Distributions of p-S6K in fin regenerates treated with rapamycin from 72 to 120 hpa. (A) Scheme of rapamycin treatment from 72 to 120 hpa. (B) Longitudinal sections of wild-type fin regenerates that were immunohistochemically stained with an antibody against p-S6K (green) at 120 hpa (DMSO, n = 3; Rapa, n = 3). DAPI fluorescent signal (blue) indicates the presence of nuclei. At 120 hpa, the fluorescent signal of p-S6K was markedly reduced by rapamycin treatment. Scale bars: 100 µm.

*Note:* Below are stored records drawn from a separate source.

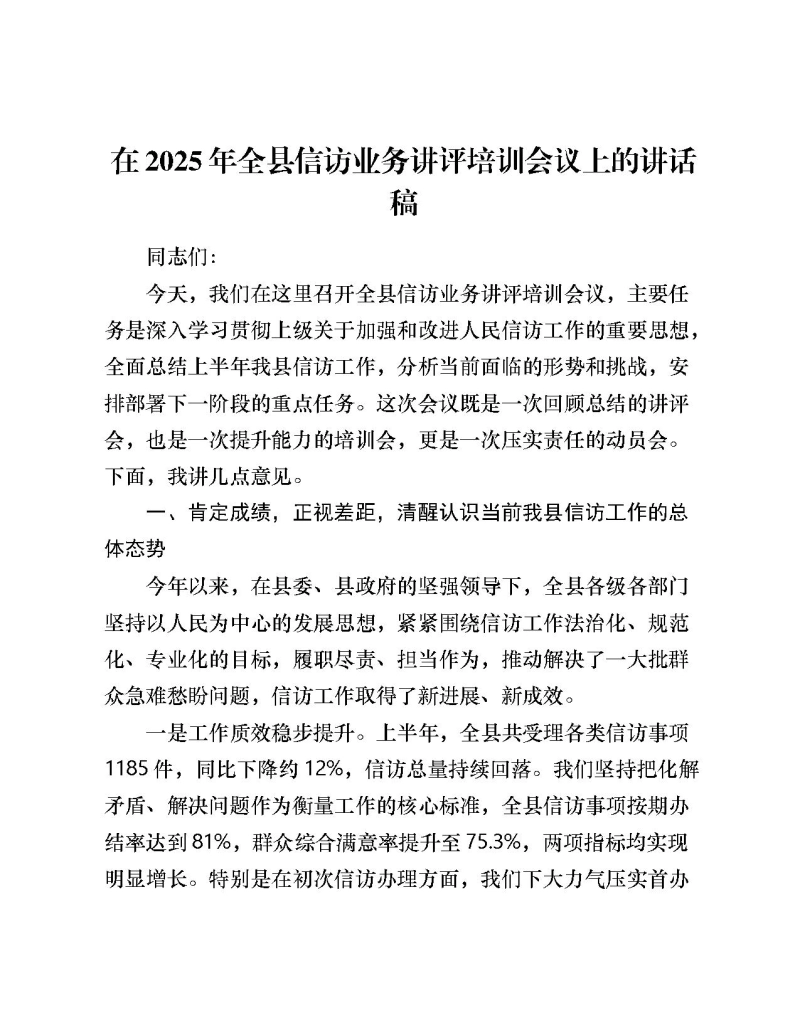 在2025年全县信访业务讲评培训会议上的讲话稿同志们:今天,我们在这里召开全县信访业务讲评培训会议,主要任务是深入学习贯彻上级关于加强和改进人民信访工作的重要思想,全面总结上半年我县信访工作,分析当前面临的形势和挑战,安排部署下一阶段的重点任务。这次会议既是一次回顾总结的讲评会,也是一次提升能力的培训会,更是一次压实责任的动员会。下面,我讲几点意见。一、肯定成绩,正视差距,清醒认识当前我县信访工作的总体态势今年以来,在县委、县政府的坚强领导下,全县各级各部门坚持以人民为中心的发展思想,紧紧围绕信访工作法治化、规范化、专业化的目标,履职尽责、担当作为,推动解决了一大批群众急难愁盼问题,信访工作取得了新进展、新成效。一是工作质效稳步提升。上半年,全县共受理各类信访事项1185件,同比下降约12%,信访总量持续回落。我们坚持把化解矛盾、解决问题作为衡量工作的核心标准,全县信访事项按期办结率达到81%,群众综合满意率提升至75.3%,两项指标均实现明显增长。特别是在初次信访办理方面,我们下大力气压实首办责任,初信初访一次性化解率保持在97%以上的高位水平,有效防止了“小问题”拖成“大麻烦”。二是源头治理持续深化。各乡镇(街道)和县直部门普遍加强了矛盾纠纷排查化解力度,主动发现和处置了一批苗头性、倾向性问题。我们着力推广“有事找书记”等基层治理品牌,畅通和规范群众诉求表达渠道,将大量矛盾化解在基层、化解在萌芽状态。针对国家和省市交办的重点信访积案,我们实行清单化管理、挂图作战,二季度以来,积案化解率环比大幅提升了20多个百分点,啃下了一批硬骨头。三是法治化水平不断提高。我们严格依照《信访工作条例》等法规文件开展工作,依法分类处理信访诉求的导向更加鲜明。信访事项的受理、办理、督办、反馈等环节进一步规范,业务流程的闭环管理机制初步形成。通过组织培训、案例指导等方式,全县信访干部的法治意识和业务能力得到了普遍增强,运用法治思维和法治方式解决问题的能力有了新的提升。在肯定成绩的同时,我们必须清醒地看到,对标上级的要求和群众的期待,我县的信访工作仍然存在一些不容忽视的短板和弱项。主要表现在:第一,工作发展不平衡。有的单位对信访工作的重要性认识不足、投入精力不够,存在“重发展、轻稳定”的倾向,工作时紧时松,导致该单位或领域的信访问题易发多发。第二,源头预防不扎实。从信访问题的领域分布看,城乡建设、征地拆迁、劳动社保、农村农业等领域的矛盾依然比较集中,这深刻反映出一些单位在政策执行、项目推进过程中,群众工作做得不深不细,前端预防和化解机制未能有效发挥作用。第三,办理质效不够高。部分信访事项虽然程序上已经办结,但“案结事了、群众满意”的目标并未真正实现,导致重复访、越级访时有发生。一些干部在处理问题时方法简单、作风生硬,未能做到情理法相统一,影响了办理效果。第四,队伍建设有待加强。面对新形势新任务,少数信访干部的专业素养和综合能力还跟不上,不善于做群众工作,不熟悉相关法律政策,处理复杂矛盾时“手中有招”的能力不足。对于这些问题,我们必须高度重视,采取有力措施,切实加以解决。二、聚焦关键,精准发力,全力推动我县信访工作再上新台阶做好新时代的信访工作,责任重大,使命光荣。全县各级各部门要切实把思想和行动统一到中央和省市的决策部署上来,以更高的标准、更实的举措、更优的作风,抓好各项工作落实。这里,我再强调五点要求:第一,要“心中有责”抓信访,在敢于担当中履职尽责。发展是第一要务,稳定是第一责任。信访工作是衡量一个地区、一个部门社会治理能力和干部担当精神的“经验交流”。各级领导干部特别是“一把手”,必须深刻认识到,抓信访就是抓稳定,抓稳定就是抓发展。要坚决扛起信访工作的政治责任,将其作为“一把手”工程来抓,定期听取汇报、分析形势、研究对策,对重大疑难信访事项要亲自包案、亲自协调、一抓到底。要牢固树立“守土有责、守土负责、守土尽责”的意识,决不能上推下卸、层层批转,真正把责任链条拧紧压实,形成一级抓一级、层层抓落实的强大合力。第二,要“心中有民”抓信访,在为民解难中践行初心。信访工作本质上是群众工作,是送上门来的群众工作。群众信访,反映的是诉求,体现的是信任。我们必须把来访群众当家人,把群众来信当家书,把群众反映的问题当家事,带着深厚的感情去做工作。要严格落实信访工作“三到位一处理”的要求。所谓“诉求合理的解决问题到位”,就是对群众的合法合理诉求,要穷尽一切办法,依法依规及时解决,给群众一个满意的交代,做到案结事了;所谓“诉求无理的思想教育到位”,就是对那些诉求缺乏事实和法律依据的,不能简单回绝,而要耐心细致地做好政策宣传、法律解释和情绪疏导工作,引导他们理性看待问题,依法表达诉求;所谓“生活困难的帮扶救助到位”,就是对那些虽然诉求不合理,但确实生活存在实际困难的群众,要主动衔接民政、社保等部门,开展多元化的帮扶救助,让他们感受到党和政府的温暖。而“行为违法的依法处理”,则是法治社会的必然要求,对于那些罔顾法律、以访谋私、缠访闹访的违法行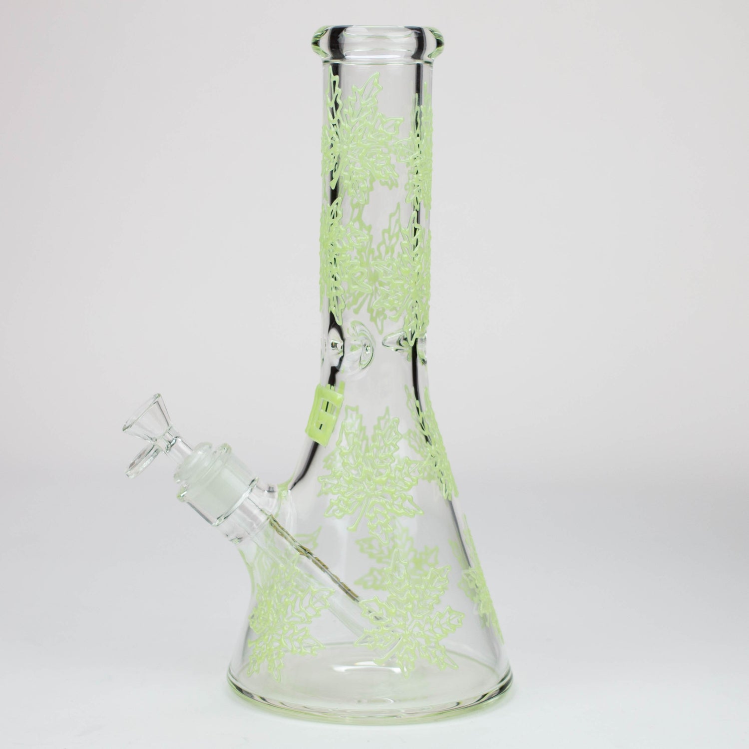 This 7mm thick clear glass beaker bong features glow-in-the-dark cannabis leaves from top to base. It's a strong and hefty piece that's pretty difficult to knock over. Perfect for those with clumsy friends. It comes with a diffuser downstem, herb bowll and ice notches.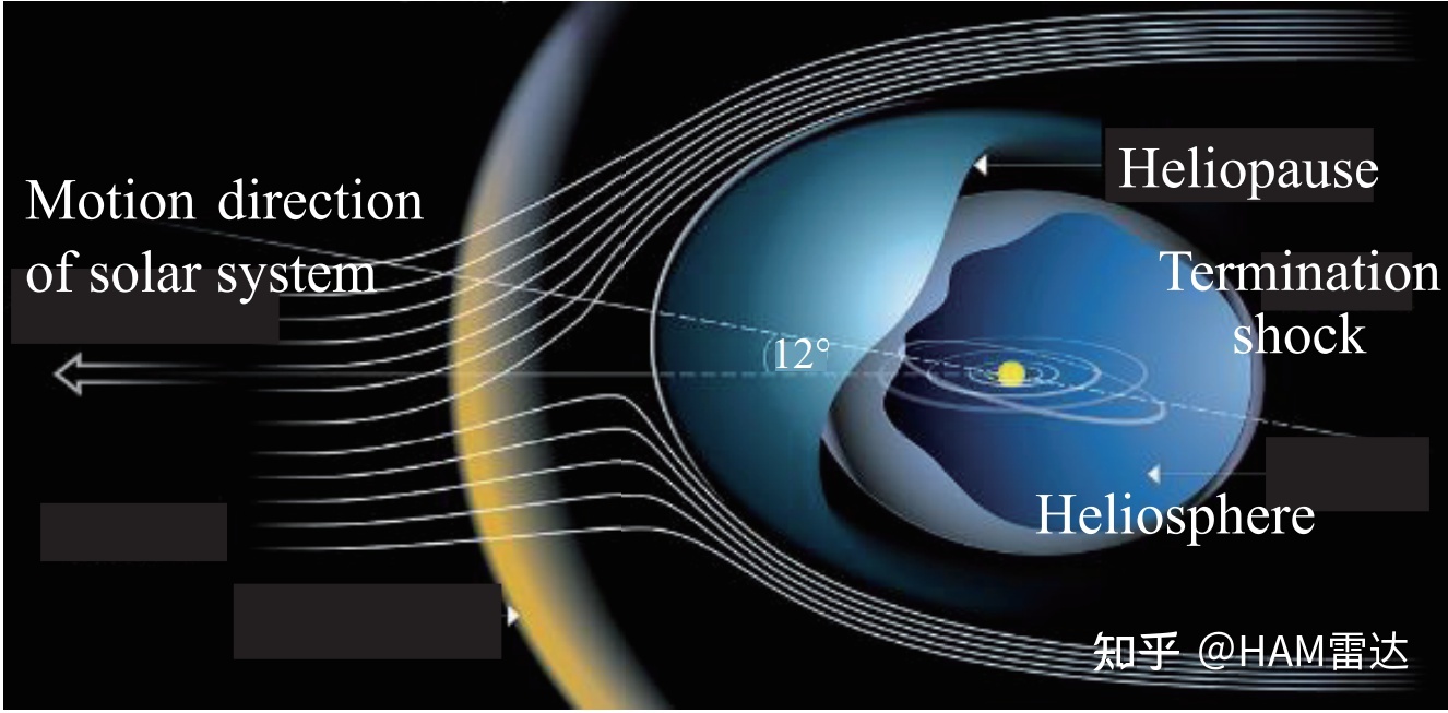 地球有磁层、电离层等结构保护着地球上的生物免受来自太阳以及宇宙的高能粒子以及射线的伤害,同样对于太阳而言,在太阳系的边际,有一个由日球层顶和终止激波构成的日球层边缘区域。日球层是指太阳风在银河系星际空间中吹出的巨大磁化等离子体“气泡”,气泡的外边界是日球层顶,也就是太阳风和星际等离子体的交际面,超声速的太阳风在接近日球层顶时开始减速,并在其内侧形成终止激波,终止激波是太阳系边际开始的标志。如图1【吴伟仁等,2018】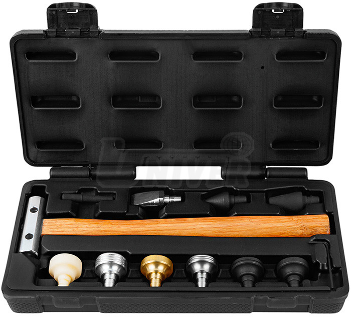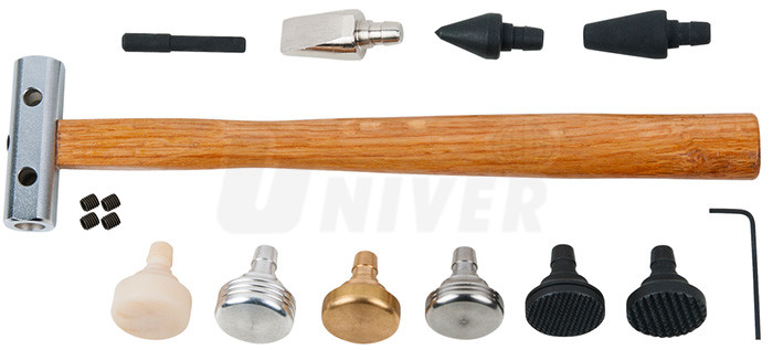 Sada (14-dílná) v plastovém kufříku obsahuje univerzální karosářské kladivo s kovovými i plastovými výměnnými hlavami.- univerzální karosářské kladivo s 9 výměnnými hlavami, se zahnutým imbus-klíčem a se 4 fixačními šroubky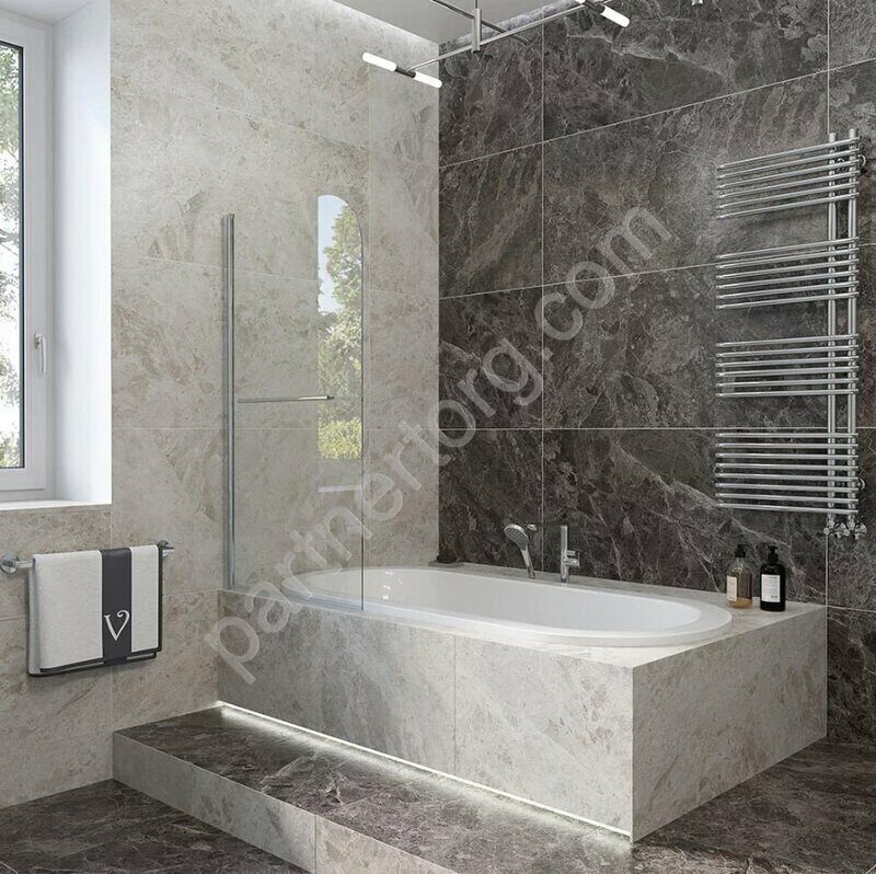 Размеры: 90х150см. Прозрачное стекло 5мм. Профиль: хром, анодированный алюминий. Крепление: на борт ванны. Открывание: маятниковая. С полотенцедержателем.

Distributions of LC3B in rapamycin treated fin regenerates. (A) Scheme of rapamycin treatment from -12 to 24 hpa or from 36 to 72 hpa. (B,C) Longitudinal sections of DMSO or rapamycin treated wild-type fin regenerates that were immunohistochemically stained with an antibody against LC3B (green) at 24 hpa (DMSO, n = 4; Rapa, n = 4) and 72 hpa (DMSO, n = 3; Rapa, n = 3). DAPI fluorescent signal (blue) indicates the presence of nuclei. LC3B is specifically localized in the wound epidermis at 24 and 72 hpa. Dashed white lines indicate the amputation planes. Scale bars: 100 µm.

Fgf, MAPK/Erk, and ROS signaling pathways do not regulate the activation of mTORC1 during fin regeneration. (A) Scheme of inhibitor treatments of SU5402 (a Fgf receptor1 inhibitor), U0126 (a MAPK/Erk inhibitor), and VAS2870 (an NADPH oxidase inhibitor: ROS signaling) during fin regeneration. (B-I) Longitudinal sections of DMSO or inhibitors treated wild-type fin regenerates that were immunohistochemically stained with an antibody against p-S6K (green) at 24 or 48 hpa. DAPI fluorescent signal (blue) indicates the presence of nuclei. The p-S6K signals in SU5402-, U0126-, and VAS2870-treated fins were approximately comparable to those in DMSO-treated fins at both 24 hpa (DMSO, n = 6; SU5402, n = 5; U0126, n = 3; VAS2870, n = 3) and 48 hpa (DMSO, n = 6; SU5402, n = 4; U0126, n = 3; VAS2870, n = 3), even though these inhibitors, at 48 hpa, prevented fin regeneration. Dashed white lines indicate the amputation planes. Scale bars: 100 µm.